You know those dishes that feel like a big, warm hug on a busy weeknight? That’s exactly what this Mexican Quinoa Skillet with Corn and Black Beans is to me. It’s colorful, packed with flavor, and comes together in a snap—kind of like my go-to comfort food with a kick. The first time I made this, the smell of toasted spices and caramelized corn filling my kitchen was pure magic. Plus, quinoa makes it feel a little fancy while still being down-to-earth and family-friendly. Trust me, once you try it, you’ll want to keep this skillet in heavy rotation—especially when you want something healthy and satisfying but don’t want to slave away at the stove.

Quick Facts

  • Yield: Serves 4
  • Prep Time: 10 minutes
  • Cook Time: 25 minutes
  • Total Time: 35 minutes

Ingredients

For the Main Dish:

  • 1 cup quinoa, rinsed well
  • 1 tablespoon olive oil
  • 1 small onion, diced
  • 2 cloves garlic, minced
  • 1 cup frozen or fresh corn kernels
  • 1 can (15 ounces) black beans, drained and rinsed
  • 1 cup diced tomatoes (canned or fresh)
  • 1 cup vegetable broth or water
  • 1 teaspoon chili powder
  • 1/2 teaspoon cumin
  • 1/4 teaspoon smoked paprika
  • Salt and pepper, to taste
  • Fresh cilantro, chopped (optional)
  • Juice of 1 lime

How I Make It

Step 1:

Heat the olive oil in a large skillet over medium heat. Toss in the diced onion and cook until soft and translucent, about 4-5 minutes. Add the garlic and sauté for another 30 seconds until fragrant—this is where your kitchen will start smelling amazing!

Step 2:

Stir in the quinoa and toast it for about 2 minutes, stirring constantly so it doesn’t burn. This step adds a lovely nutty flavor and makes the quinoa extra fluffy.

Step 3:

Add the corn, black beans, diced tomatoes, chili powder, cumin, smoked paprika, salt, and pepper.
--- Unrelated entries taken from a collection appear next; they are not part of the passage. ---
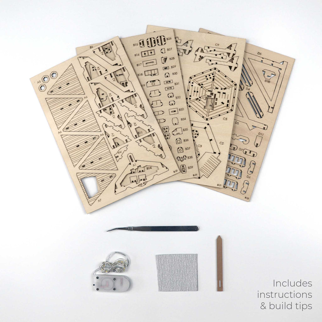 DIY wooden model kit with easy to follow instructions. Includes LED lights, acrylic stake (moisture resistant) and assembly tools.
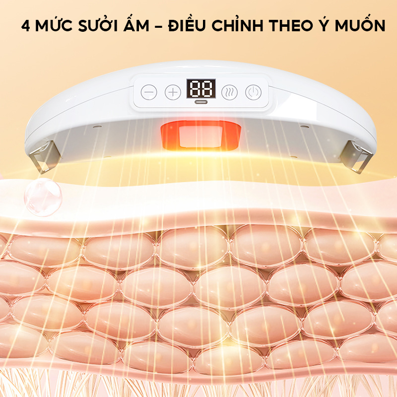 Bật chức năng sưởi ấm, chọn mức nhiệt từ 35°C đến 60°C tùy theo sở thích và cảm giác cơ thể.
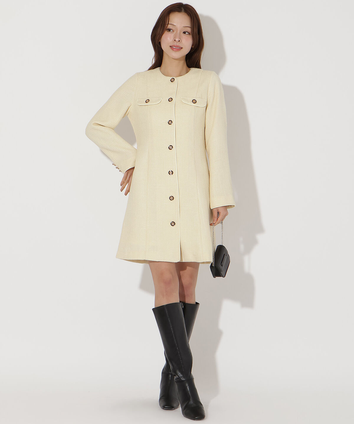 クラシカルな気品を纏う、ツイードミニワンピース【Design/Styling】・表情豊かなツイード生地を贅沢に使用した、きちんと感と女性らしさを兼ね備えたミニワン.. |
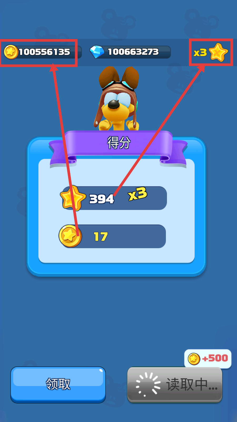 3、游戏结束后查看得分与金币,点击【领取】按钮,获取奖励,积累资源。
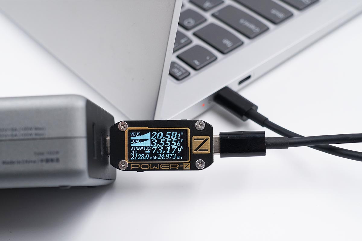 聯想小新Pro 14 2021僅支持USB PD快充協議,使用USB-C1為聯想小新Pro 14 2021充電,功率為20.58V 3.55A 73.17W。
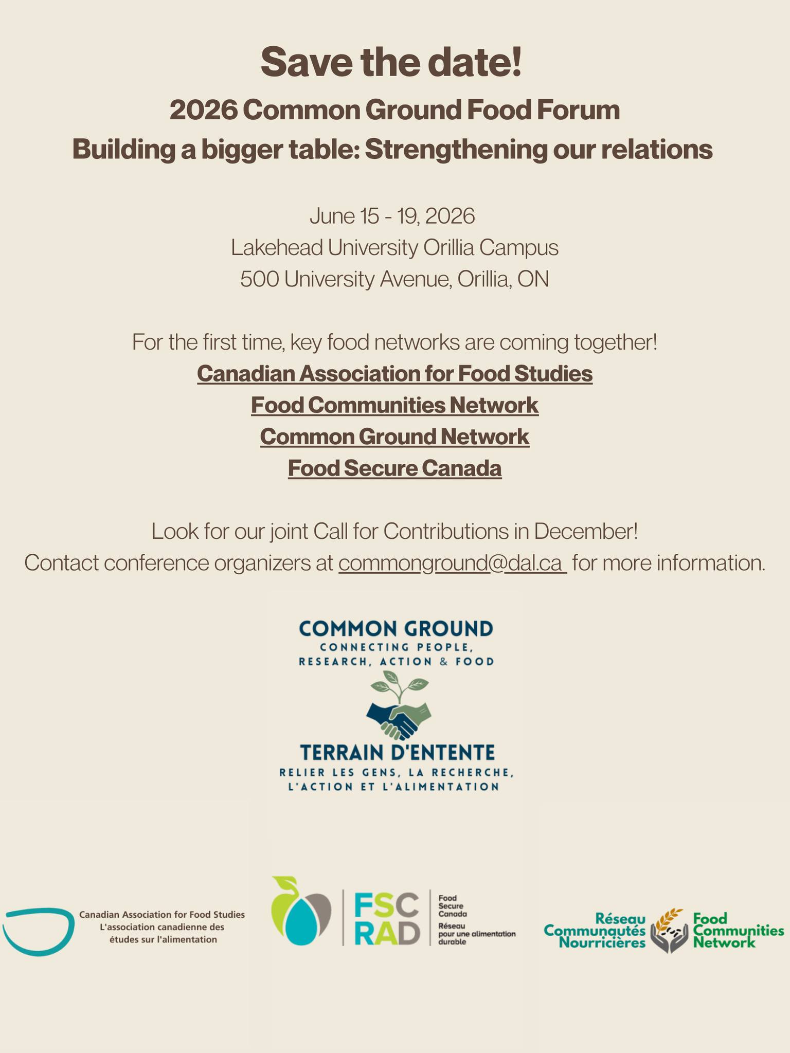 The 2026 Common Ground Food Forum, Building a bigger table: Strengthening our relations, has issued a call for contributions.

Give everything a good stir to combine all those vibrant ingredients.

Step 4:

Pour in the vegetable broth (or water) and bring the mixture to a boil. Once boiling, reduce the heat to low and cover the skillet with a lid. Let it simmer gently for 15 minutes, or until the quinoa is tender and the liquid is absorbed.

Step 5:

Remove the skillet from the heat and let it sit, covered, for another 5 minutes. This resting step lets the quinoa steam nicely and makes it extra fluffy.

Step 6:

Fluff the quinoa with a fork, then stir in the fresh lime juice and chopped cilantro (if using). Taste and adjust the seasoning with more salt or chili powder, if needed. Serve immediately and enjoy!

Variations & Tips

  • Add diced bell peppers or jalapeños for a little extra crunch and heat.
  • Swap black beans for pinto beans or chickpeas if that’s what you have on hand.
  • Use chicken broth instead of vegetable broth for a richer flavor.
  • Top with shredded cheese or avocado slices for a creamier bite.
  • For a smoky twist, add a teaspoon of chipotle in adobo sauce.
  • If quinoa is new to you, be sure to rinse it thoroughly before cooking to avoid bitterness.

How I Like to Serve It

This skillet is perfect on its own for a quick lunch or dinner, but I also love serving it alongside some crunchy tortilla chips and a dollop of sour cream or Greek yogurt. It’s wonderful for casual weeknight meals or even a laid-back weekend gathering, especially when paired with a fresh green salad or grilled veggies.

Notes

  • Store leftovers in an airtight container in the fridge for up to 4 days; reheat gently on the stovetop or microwave with a splash of water.
  • If you prefer a softer texture, add an extra 1/4 cup broth and cook for a few more minutes.

Closing: This Mexican Quinoa Skillet is one of those recipes that just works every time—simple, colorful, and full of satisfying flavor that your whole family will love.